Stumble is the second album by the AALY Trio + Ken Vandermark, which was recorded live at Chicago's Unity Temple in 1998 and released on Wobbly Rail, a short-lived imprint started by Merge Records/Superchunk principal Mac McCaughan. AALY Trio is a Swedish free jazz band led by saxophonist Mats Gustafsson.
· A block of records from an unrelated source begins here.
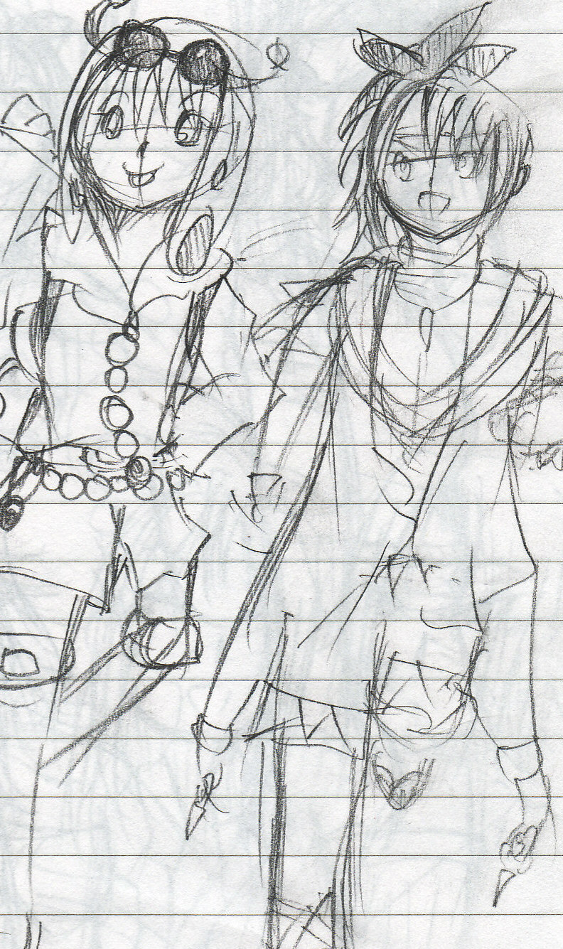 今回の絵は久々にやった銀の子たち!左がレディアン♀のレ・ディラ、右がオーダイル♂のワ・ニノムです。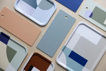 A tribute to colour - brikke fra Applicata er laget av FSC-sertifisert MDF. Den håndlagde skjærebrettet er både funksjonelt og kunstnerisk, og har et mønster designet av atferdsviteren Rikke Skytte. Det hyller naturens fargepalett og er like iøynefallende enten det brukes som serveringsbrett eller som et dekorativt element på kjøkkenet.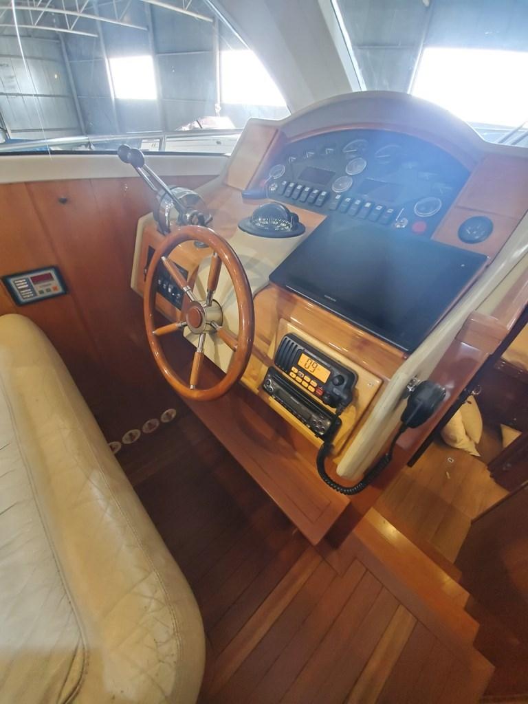 Angolo barra, Antenna radar (Garmin), Ecoscandaglio (Garmin Fisch Finder), Plotter con antenna GPS (GPSMAP Garmin 1222xsv Touch - Multifunzione: Radar - Eco Fish Finder), Radio VHF (Icom IC-M411).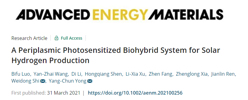 近日,正妹av 雍阳春教授团队与化工学院施伟东教授团队合作在Advanced Energy Materials杂志上发表最新研究成果“A periplasmic photosensitized biohybrid system for solar hydrogen production”。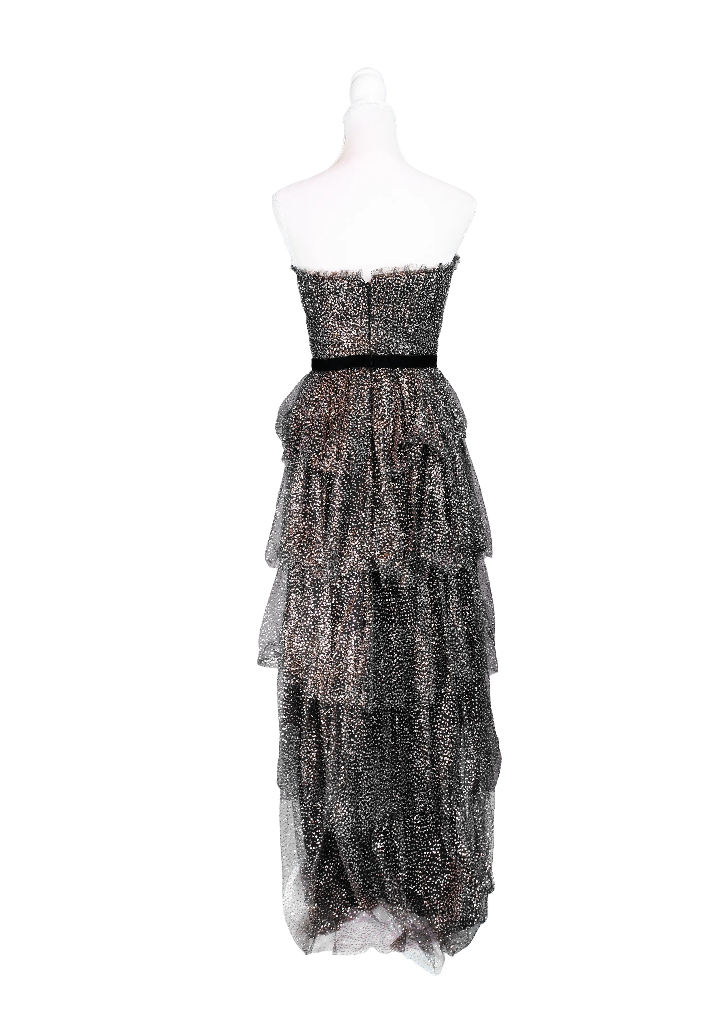 A gown in bronze sequins with tiered layers of fabric creating volume. The strapless
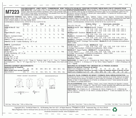 Lined vests A thru D have front darts, front button closure, back ties and neckline variations. Vest A has contrast collar. Vest B and D have welts. Cummerbund E has pleated front. Bow tie F has neckband with elastic. Tie G is lined. Satin, Taffeta, Crepe, Lightweight Woolens, Lightweight Cotton Blends. Lining (Vest A thru D, Tie G) – Lining Fabrics.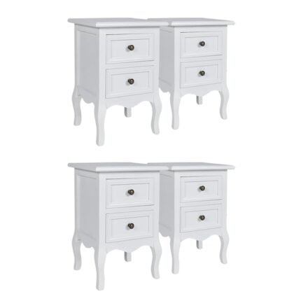 Nachttische 4 Stück mit 2 Schubladen Weiss MDF

Originally just a guest, Vandermark became a full member of the group.

Reception

In her review for AllMusic, Joslyn Layne states "These numbers are firmly entrenched in blues roots, carrying on a wailing, at times plaintive, blues spirit with conviction." 

The Penguin Guide to Jazz notes that "Vandermark and Gustafsson are formidably like-minded, at least in the way they want the band to make its impression, and the sound of the quartet in full flight has a harsh, narcotic edge to it."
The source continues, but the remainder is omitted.